The Home Office has never provided any evidence to back up its deterrent rationale. Official statistics do show a recent reduction in immigrant arrivals, particularly from Europe: but this is widely interpreted as an effect of Brexit, rather than any Home Office measures.
As for people being scared into leaving, here the Home Office does have one set of indicative statistics: records of those who agree to “voluntary return”. In 2004, the first year with published figures, there were 3,566 voluntary returns. This climbed every year to reach 27,114 in 2010. Then it hit a peak in 2013, at 32,178. This was just as the new “hostile environment” deterrent policies were being formulated, and before they were enacted in the 2014 and 2016 Immigration Acts. In 2015, as the first act came into force, there were 29,768 voluntary returns. In 2016, there were 28,655.6
In short: there is no sign at all that the “hostile environment” policies are having any deterrent impact. In fact, recent voluntary return figures are actually down.
And now the migrants to be deterred are not just tens of thousands of asylum seekers, but hundreds of thousands of “illegals”. As that manager interviewed by the Independent Chief Inspector put it, “it’s a business model that hasn’t moved on”.
41,545 people were detained under Immigration Act powers. Of these, 1,280 (83%) had sought asylum.
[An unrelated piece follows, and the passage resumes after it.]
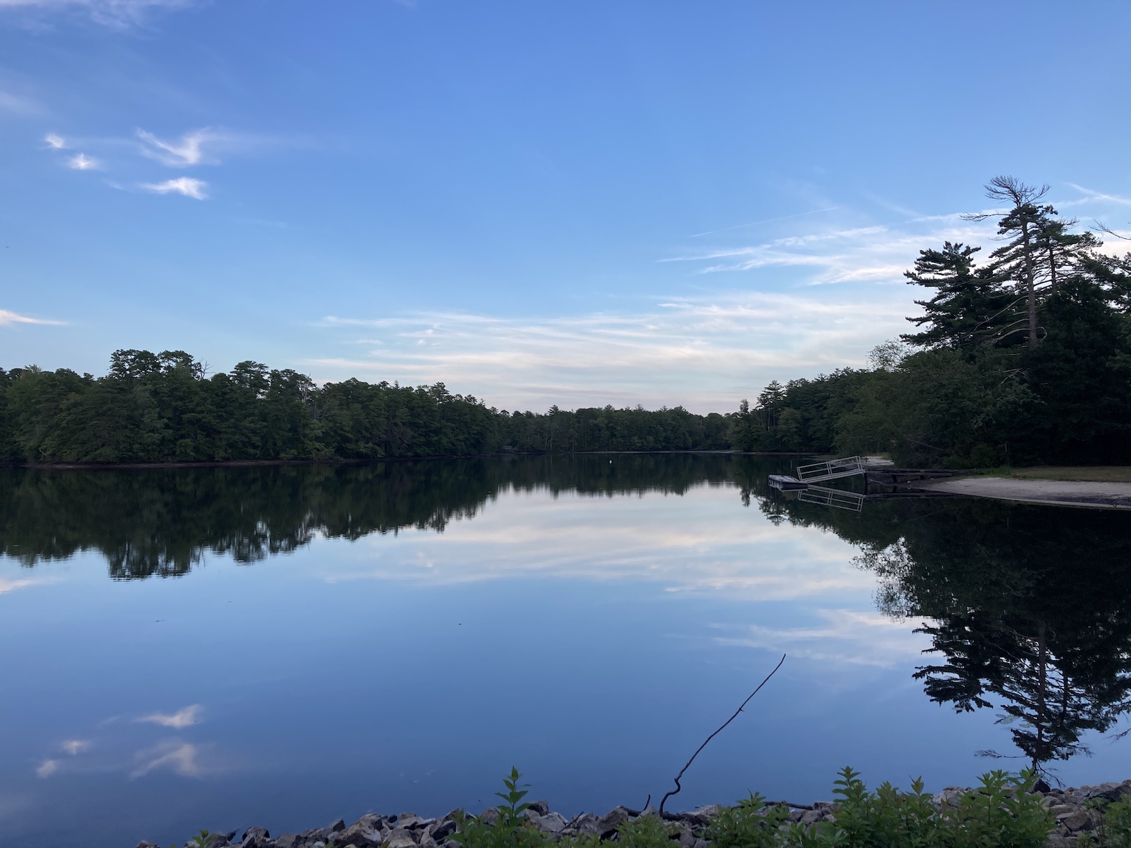 As I mentioned in the summary, the most unexpected part of this ride was going through some small towns and being in the heat of the Pinelands”. For the last 20 miles to Bass River State Forest the look and smell is very much like riding on Cape Cod, with sandy soil, pine trees and little lakes. When I got close to the campground I stumbled on the Lower Bank Tavern and decided on a whim to pull in and grab a beer realizing I could easily do the last 6 miles with a beer in me. It’s always a little awkward walking into a local place all sweaty in spandex (especially in rural areas where one does not see that kind of thing often), and this was no exception. You know, everyone at the bar stops talking and stares at you. Definitely some looks but after a few minutes a guy came over and started chatting about bikes. Turns out it was the owner Billy who rides a lot and has raced a bunch. After chatting for a while he took me out to his garage to show me his quiver of bikes (Colnagos for racing, an older Nishiki for randonneuring. a full suspension MTB and a few other random bits). Super nice guy. If you are every in the area, stop in for food and beer. Unfortunately, I didn’t get any pictures as I was just enjoying myself. Glad I stopped! If it were just a little closer I would have gone back there for dinner, but I was beat after 70 miles and 4:55 pedaling time, 7:23 elapsed. I rode way faster than I typically do bikepacking, but the tailwind helped. I hate riding on those highways, so rode as fast as possible to get it over with. It took its toll though. Like the evening before, I walked around the grounds to check out Lake Absegami and stretch my legs.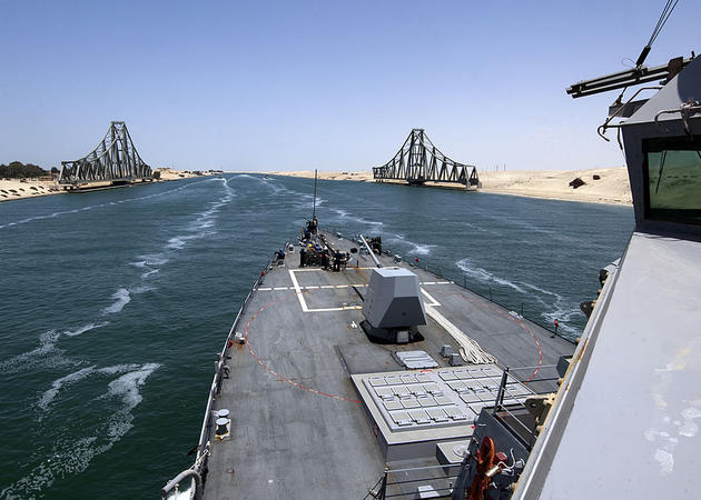 SUEZ CANAL (June 2, 2012) The guided-missile destroyer USS James E. Williams (DDG 95) transits the Suez Canal. James E. Williams is deployed to the U.S. 5th Fleet area of responsibility conducting maritime security operations, theater security cooperation efforts and support missions as part of Operation Enduring Freedom. U.S. Navy photo by Mass Communication Specialist 3rd Class Daniel J. Meshel.

Control of Immigration – Statistics United Kingdom, 2001, Home Office Statistical Bulletin 11/02. Cited in Yarls Wood investigation report, fn p122
5After a post-Soviet peak in the early 1990s, asylum claims fell in the mid-90s but then started to climb fast again: from 29,640 in 1996 to 46,015 in 1998, 71,160 in 1999 and 80,315 in 2000. But beyond the numbers, asylum became the great tabloid scare story of the time – before 9/11 pushed terrorism to the fore instead.>
6The figure for 2017 published in May 2018 was 21,283 – but this is yet reliable, because verifying returns can often involve a delay of several months.